WHAT THE EXERCISE ASKS: Write out again, word for word, the lines below from the line that holds "- 在Model文件夹下可查" through the line that holds "Abito mezzamanica da", omitting pictures.

Stored items from a collection
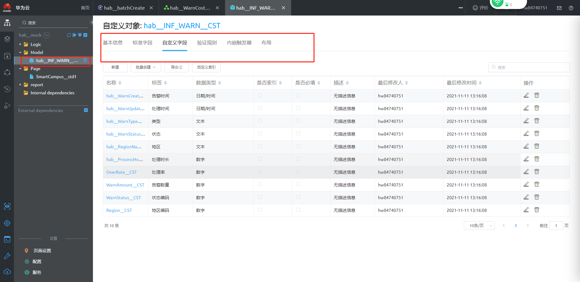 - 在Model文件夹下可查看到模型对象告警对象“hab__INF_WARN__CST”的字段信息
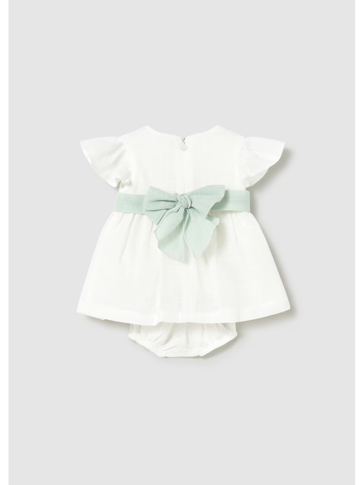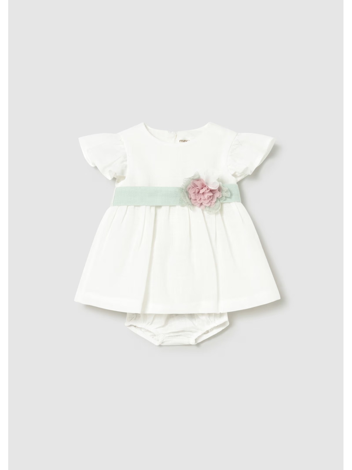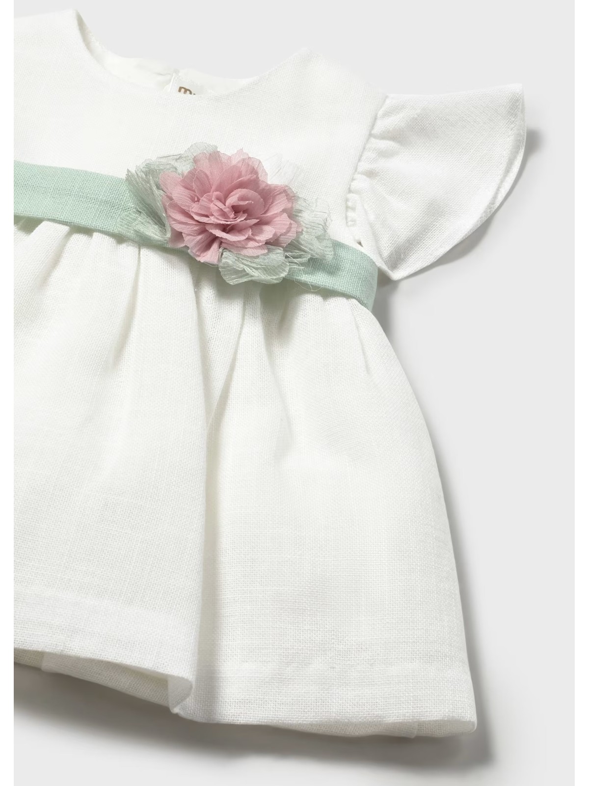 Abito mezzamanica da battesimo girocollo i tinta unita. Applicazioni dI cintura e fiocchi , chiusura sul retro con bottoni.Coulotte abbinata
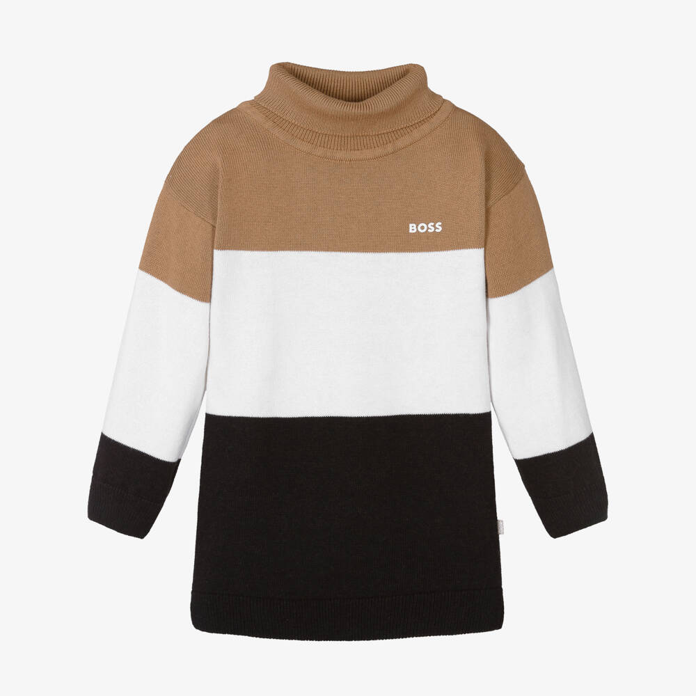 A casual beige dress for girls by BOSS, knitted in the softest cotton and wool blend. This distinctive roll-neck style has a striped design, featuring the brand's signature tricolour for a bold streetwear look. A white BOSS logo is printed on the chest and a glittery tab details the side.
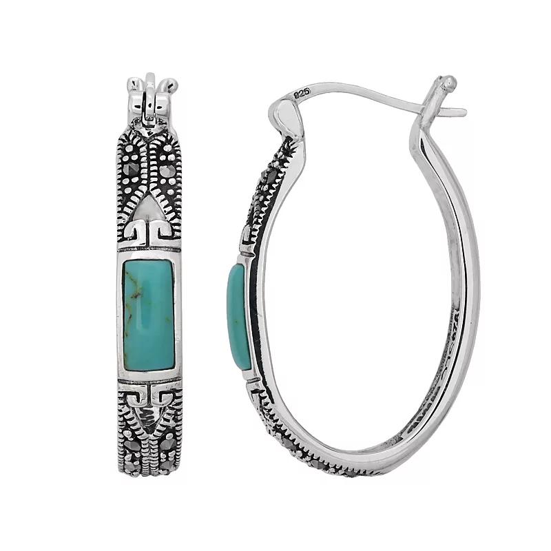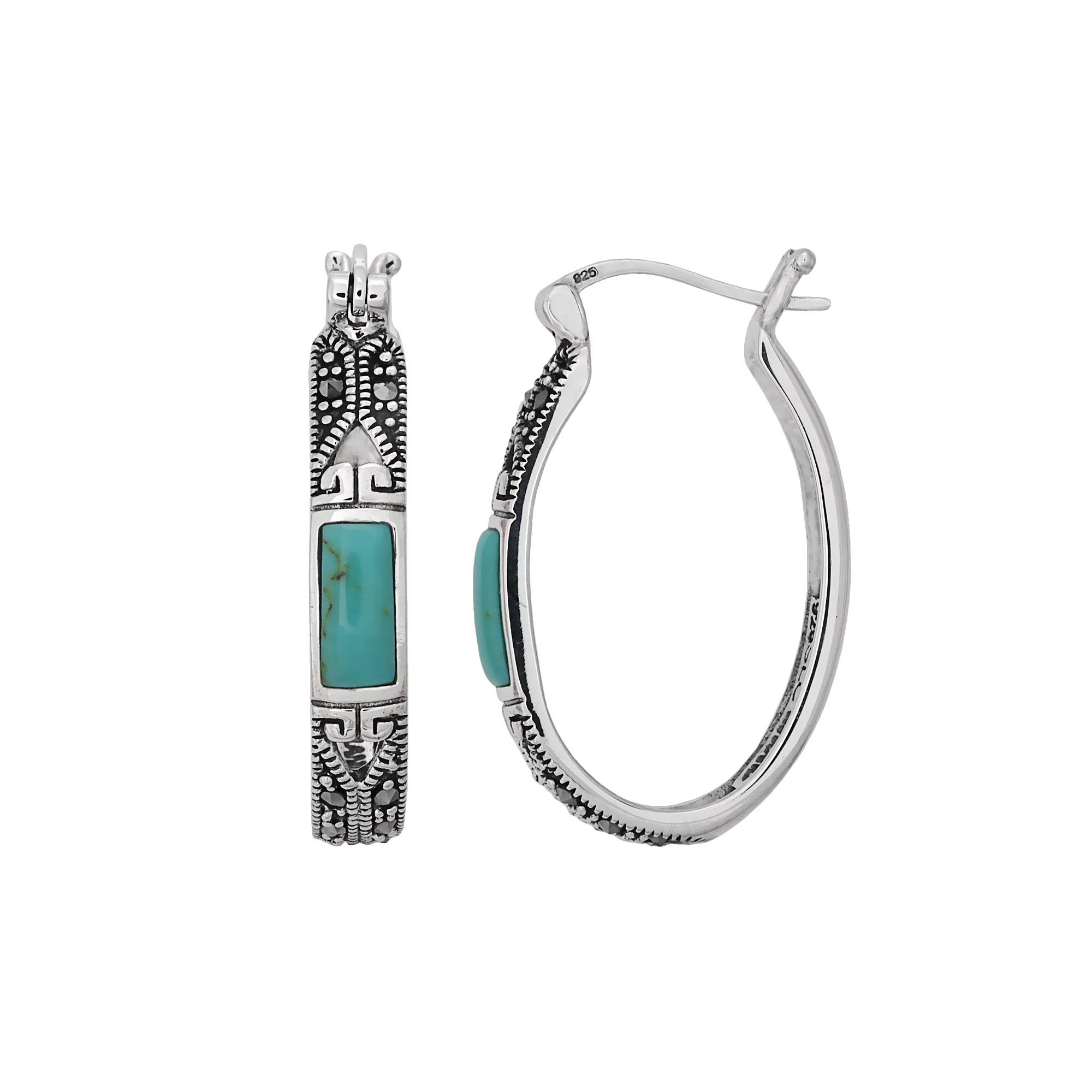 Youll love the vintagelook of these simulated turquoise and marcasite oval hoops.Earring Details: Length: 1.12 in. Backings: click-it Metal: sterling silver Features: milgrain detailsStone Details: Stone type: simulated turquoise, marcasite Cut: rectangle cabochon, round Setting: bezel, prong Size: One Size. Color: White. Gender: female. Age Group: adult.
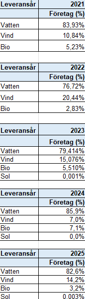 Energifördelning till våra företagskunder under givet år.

--

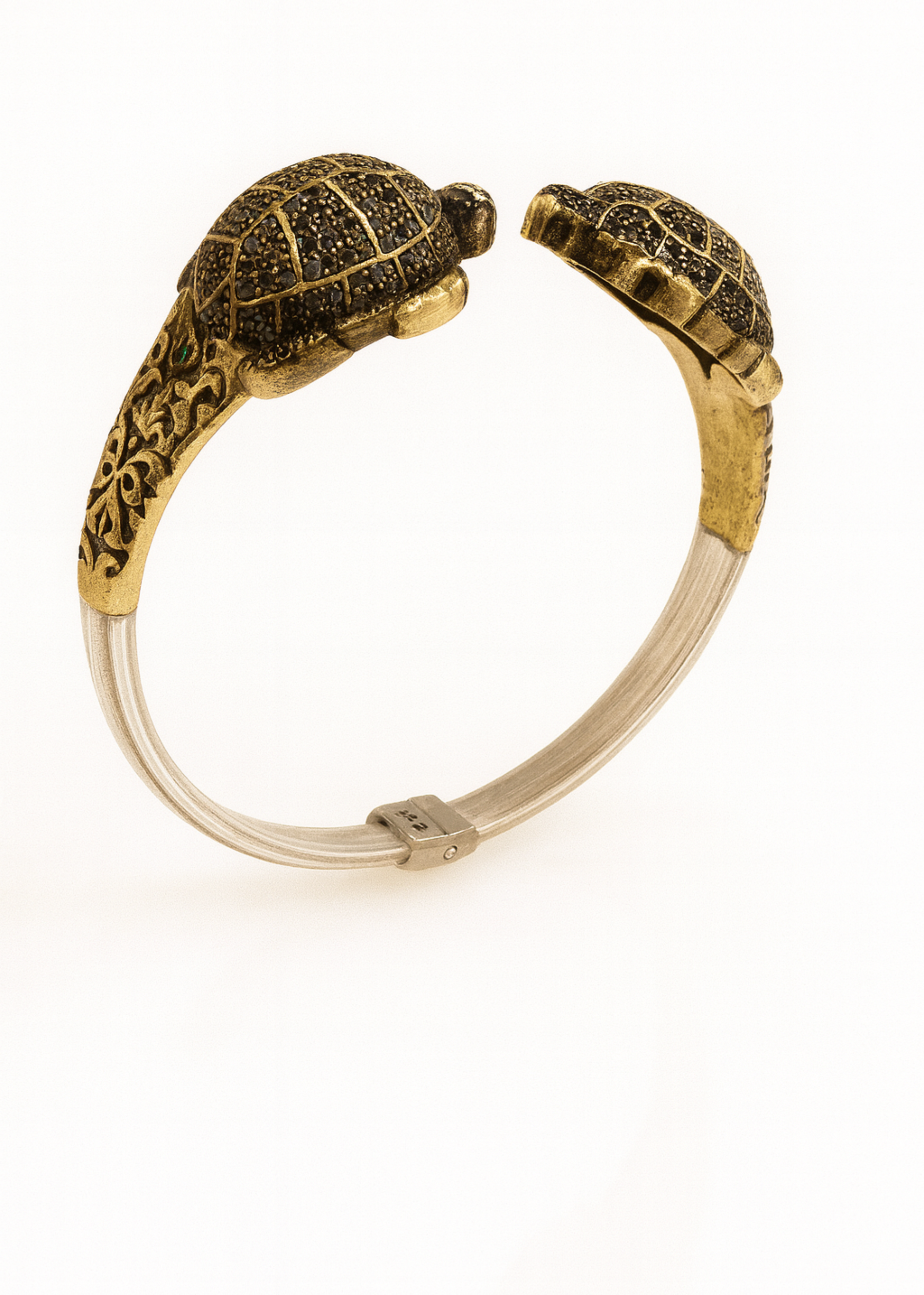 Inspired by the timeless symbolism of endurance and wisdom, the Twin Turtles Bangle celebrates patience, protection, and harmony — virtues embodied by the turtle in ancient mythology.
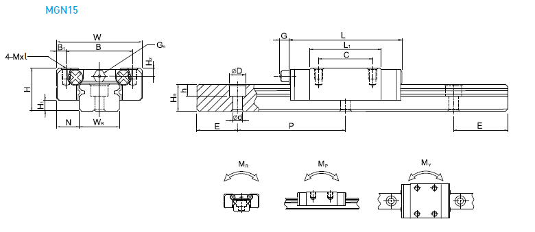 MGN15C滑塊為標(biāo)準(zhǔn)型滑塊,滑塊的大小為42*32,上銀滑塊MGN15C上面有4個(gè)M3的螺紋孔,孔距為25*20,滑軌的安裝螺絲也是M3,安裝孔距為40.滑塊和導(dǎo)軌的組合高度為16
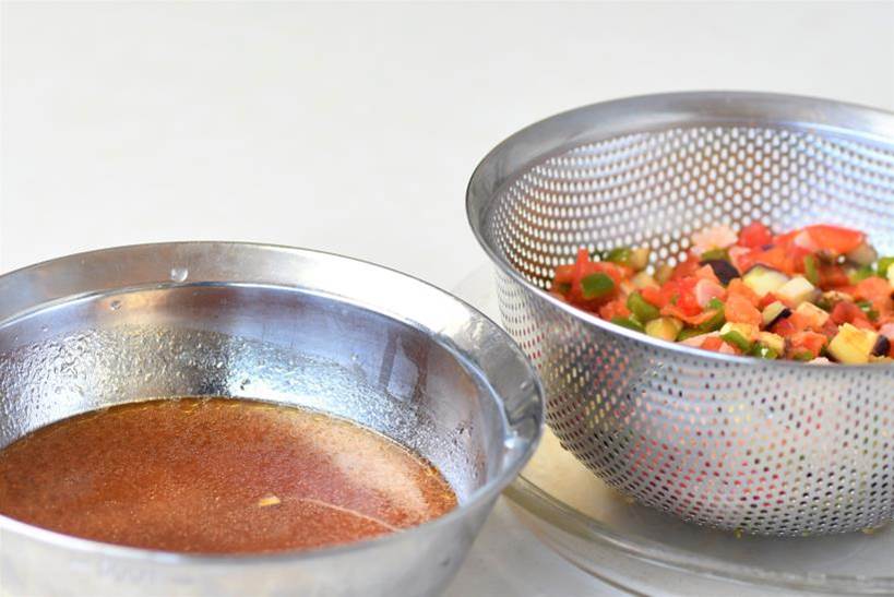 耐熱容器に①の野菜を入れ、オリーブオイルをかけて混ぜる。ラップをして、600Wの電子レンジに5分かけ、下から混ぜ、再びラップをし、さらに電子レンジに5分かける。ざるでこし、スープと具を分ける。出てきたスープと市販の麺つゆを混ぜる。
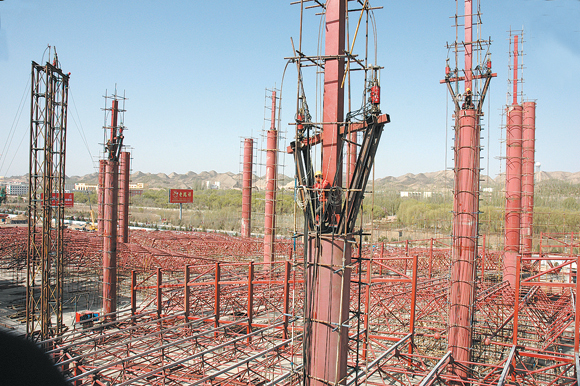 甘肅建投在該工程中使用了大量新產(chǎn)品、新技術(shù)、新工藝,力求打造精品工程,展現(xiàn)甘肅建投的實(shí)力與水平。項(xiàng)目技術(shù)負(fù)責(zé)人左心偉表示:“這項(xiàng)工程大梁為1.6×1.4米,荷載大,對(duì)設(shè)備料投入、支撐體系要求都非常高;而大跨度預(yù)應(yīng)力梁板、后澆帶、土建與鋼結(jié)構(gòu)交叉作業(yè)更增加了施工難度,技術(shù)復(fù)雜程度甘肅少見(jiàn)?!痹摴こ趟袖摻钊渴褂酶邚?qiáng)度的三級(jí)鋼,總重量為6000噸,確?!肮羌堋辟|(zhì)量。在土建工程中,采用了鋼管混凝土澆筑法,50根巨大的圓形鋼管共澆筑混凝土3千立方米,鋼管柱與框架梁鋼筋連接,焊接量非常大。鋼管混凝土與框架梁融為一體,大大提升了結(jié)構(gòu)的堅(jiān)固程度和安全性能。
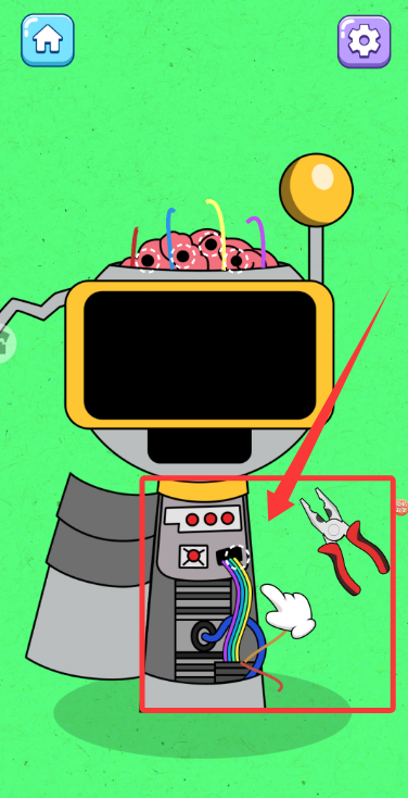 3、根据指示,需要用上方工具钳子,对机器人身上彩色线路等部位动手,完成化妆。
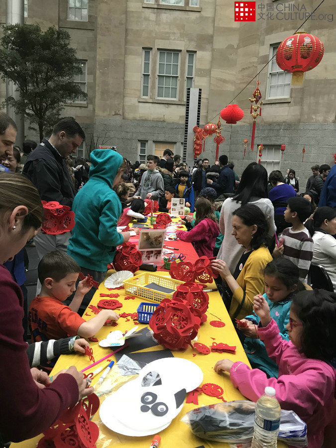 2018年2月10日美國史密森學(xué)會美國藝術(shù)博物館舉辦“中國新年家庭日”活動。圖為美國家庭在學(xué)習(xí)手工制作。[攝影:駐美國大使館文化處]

WRITTEN ANSWER:
 - 在Model文件夹下可查看到模型对象告警对象“hab__INF_WARN__CST”的字段信息
 Abito mezzamanica da battesimo girocollo i tinta unita. Applicazioni dI cintura e fiocchi , chiusura sul retro con bottoni.Coulotte abbinata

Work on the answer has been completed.